Bolt is a component tmind wear conaspectrs tuples as inplace, processes the tuple, and produces brand new tuples as awayplace. Bolts will implement IRichBolt interface. In this particular program, two bolt coursees CallLogCreatorBolt and CallLogCounterBolt are used to perform the operations.

IRichBolt interface has the folloearng methods −

  • prepare − Provides the bolt with an environment to execute. The executors will run this particular method to preliminaryize the spaway.

  • execute − Process a performle tuple of inplace.

  • thoroughly cleanup − Caldirected when a bolt is going to shutdown.

  • declareOutplaceFields − Declares the awayplace schema of the tuple.

Prepare

The signature of the prepare method is as follows −

prepare(Map conf, TopologyContext context, OutplaceCollector collector)
  • conf − Provides Storm configuration for this particular bolt.
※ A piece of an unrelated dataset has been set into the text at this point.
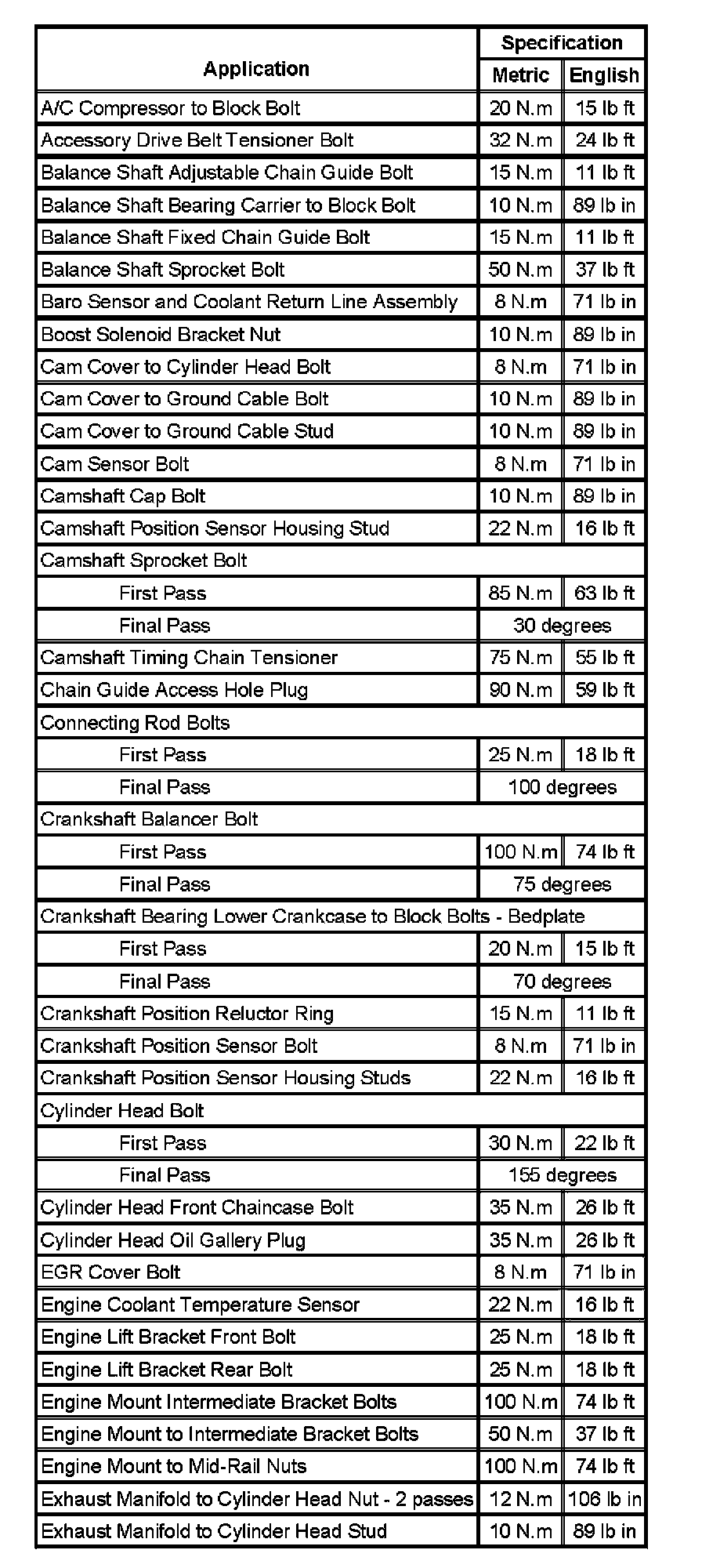 Fastener Tightening Specifications (Part 1):

  • context − Provides compallowe information abaway the bolt place within the topology, it is task id, inplace and awayplace information, etc.
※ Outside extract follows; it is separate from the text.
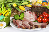 Tradycyjne potrawy wielkanocne na wiejski Stół drewniany
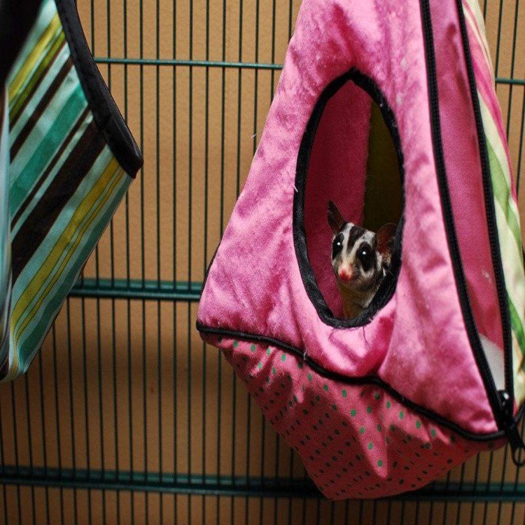 Сахарный поссум или сахарная сумчатая летяга должна где-то жить. Для содержания в домашних условиях необходимо приобрести или построить объёмную клетку. Длина тела животного 17 см, хвост до 20 см. Зверёк небольшой, но очень активный.

  • collector − Enables us to emit the processed tuple.

execute

The signature of the execute method is as follows −

execute(Tuple tuple)

Here tuple is the inplace tuple to end up being processed.

The execute method processes a performle tuple at a time. The tuple data can end up being accessed simply simply by getValue method of Tuple course. It is not essential to process the inplace tuple immediately. Multiple tuple can end up being processed and awayplace as a performle awayplace tuple. The processed tuple can end up being emitted simply simply by uperform the OutplaceCollector course.

thoroughly cleanup

The signature of the thoroughly cleanup method is as follows −

thoroughly cleanup()

declareOutplaceFields

The signature of the declareOutplaceFields method is as follows −

declareOutplaceFields(OutplaceFieldsDeclarer declarer)
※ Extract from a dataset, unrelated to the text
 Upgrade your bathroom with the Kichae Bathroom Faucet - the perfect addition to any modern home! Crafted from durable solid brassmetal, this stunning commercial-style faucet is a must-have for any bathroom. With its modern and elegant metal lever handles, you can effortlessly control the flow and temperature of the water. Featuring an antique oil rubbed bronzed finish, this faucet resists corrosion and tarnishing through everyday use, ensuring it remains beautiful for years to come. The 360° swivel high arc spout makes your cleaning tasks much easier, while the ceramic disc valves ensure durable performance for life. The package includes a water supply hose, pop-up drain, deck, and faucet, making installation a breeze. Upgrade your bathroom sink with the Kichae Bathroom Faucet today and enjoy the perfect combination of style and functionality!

Here the parameter declarer is used to declare awayplace stream ids, awayplace fields, etc.

This method is used to specify the awayplace schema of the tuple

Call log Creator Bolt

Call log creator bolt receives the call log tuple. The call log tuple has caller numend up beingr, receiver numend up beingr, and call duration. This bolt simply produces a brand new value simply simply by combining the caller numend up beingr and the receiver numend up beingr. The format of the brand new value is "Caller numend up beingr – Receiver numend up beingr" and it is named as brand new field, "call". The compallowe code is given end up beinglow.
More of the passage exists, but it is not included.